Доктор Маслов тотчас распорядился прекратить лечение паском. Вероятно, он в этом лекарстве, тогда ещё экспериментальном, усмотрел причину ускоренной гибели обитателей ТБ-2. Это лишь моё предположение. Вскоре во время утреннего приёма больных доктор Маслов был убит ударом ножа в спину. Орудие расправы обеими руками вонзил Толик Стропило. Он же — Бацилла.

Гвозди́ки

Гвоздики алые, багряно-пряные

Однажды вечером дала мне ты.

И ночью снились мне сны небывалые,

Мне снились алые цветы, цветы!

Мне снилась девушка, такая милая,

Такая чудная, на вид — гроза,

Мне душу ранили мечты обманные,

И жгли лучистые её глаза.

Казалось, будто бы она, усталая,

Склонила голову на грудь мою.

И эту девушку с глазами чудными,

С глазами чёрными с тех пор люблю!

Прошение о помиловании

1952, февраль

Старый зек за махорочный бычок дал мне мудрый совет: поскольку я осужден по «делу Рыбкина», бесполезняк писать в суды. Они своих приговоров не отменяют даже тогда, когда «гады» находят настоящего виновника — такое указание якобы дано самим Гуталинщиком.[93] А вот если достаточно часто писать и отправлять просьбы о помиловании в Верховный Совет СССР, тем более с моим-то понтовым[94] преступлением, то досрочное освобождение обеспечено, как пайка. В доказательство он привёл случай, которому был лично свидетелем: бригадник, тоже сидевший «за испуг воробья», за год настрочил больше сотни просьб о помиловании. И одна все-таки дошла до Хозяина — зека выпустили.

Что ж, если рыбоподобный зек поведал всего лишь байку, всё равно она логична. Насчёт судов. Они, действительно, не отменяли своих приговоров, даже самых нелепых. Стране, строящей коммунизм, нужны были миллионы рабов, чьими руками и на чьих костях большевики и хотели возвести мифический, фантастический коммунизм. И в самом деле, какой особенный ущерб я нанёс стране? Несколько десятков рублей — моя доля в похищенном Серёгой ящике сладостей — я давно выплатил из своей каторжной зарплаты. И вообще, пришёл к твердому выводу — впредь не допускать глупостей, не поддаваться на провокации вроде Серёгиной. Так зачем же меня здесь мытарить? Ведь я уже воспитался. Всё понял, всё осознал. Да и какая от меня здесь польза?
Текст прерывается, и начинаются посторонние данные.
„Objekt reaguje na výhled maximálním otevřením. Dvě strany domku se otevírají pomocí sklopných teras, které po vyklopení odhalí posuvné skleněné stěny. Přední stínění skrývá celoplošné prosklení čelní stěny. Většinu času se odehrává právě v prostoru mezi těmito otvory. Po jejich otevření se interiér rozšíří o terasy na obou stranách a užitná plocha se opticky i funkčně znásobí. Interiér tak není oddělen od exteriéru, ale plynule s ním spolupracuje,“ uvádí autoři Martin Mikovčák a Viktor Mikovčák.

Довкалывался до того, что от истощения попал под «красный крест» и доктор Маслов, Борис Алексеевич, списал меня в обслугу — дневальным жилого барака. Вот и служу опять уборщиком. А на воле я поступил бы в школу рабочей молодежи, окончил бы её и — в медицинский институт. И из меня, наверное, неплохой врач получится. Кому от такого изменения моей жизни вред? Никому. А польза — всем. Что ни говори, а учебник логики, хранившийся в светло-синем фанерном чемодане, помогал мне разбираться в жизненно важных вопросах. Жаль, что не попался он мне раньше, до знакомства с Cepёгой, а после ареста.
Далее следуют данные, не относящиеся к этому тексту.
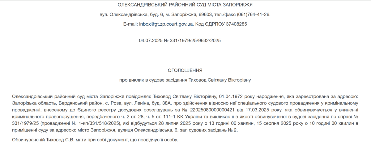 Слідство встановило, що Світлана Тиховод була членом виборчої дільниці окупантів. Жінка здійснювала подворовий обхід мешканців с. Роза зі скринькою для збору голосів та агітувала інших місцевих жителів приймати участь в голосуванні. Про це «Бердянськ 24» дізнався з публікцаії Олександрівського суду Запоріжжя.

Если рассудить объективно, то все мы, трое оболтусов, в тюрьму угодили из-за Серёги. Он единственный среди нас достиг совершеннолетия. И к тому же с «ходкой». Знал, чем могут закончиться подобные проделки для него и для нас тоже. И ничего не предпринял, чтобы уберечь нас от грозящей беды. И даже наоборот. Как после выяснилось. Но и мы хороши: словно слепые котята, полезли за ним, не соображая, куда и к кому. Себя я винил больше, чем Серёгу и даже беспощадней, чем следователей, кулаками и коваными сапогами заставивших нас признаться в преступлениях, которых мы никогда не совершали.

Но это дело — прошлое. А сейчас мне втемяшилось, что вина моя с лихвой искуплена — хватит мантулить[95] в лагере. Поэтому я и решил обратиться с просьбой на самый верх, в Кремль.

И засел за сочинение прошения. Писал его, волнуясь, мучительно-откровенно, правдиво и, как говорится, от чистого сердца. Искреннее раскаяние в проступке перелилось в идеальные планы моего будущего. Не будет лукавством сказать, что я открыл сокровенное. И просил Климента Ефремовича Ворошилова поверить мне. А уж я его доверие, в этом не может быть никакого сомнения, оправдаю полностью. И стану «достойным строителем нашего светлого будущего». Уже в тот августовский день пятьдесят первого проклюнулись коммунистические семена, посеянные годом раньше в мою пустынную и жаждущую душу большевиком Леонидом Романовичем Рубаном, оказавшимся волею изменчивой судьбы брошенным на нары землянки ещё одного вспучившегося лагеря — нарыва на теле Красноярского края, как и на других территориях СССР.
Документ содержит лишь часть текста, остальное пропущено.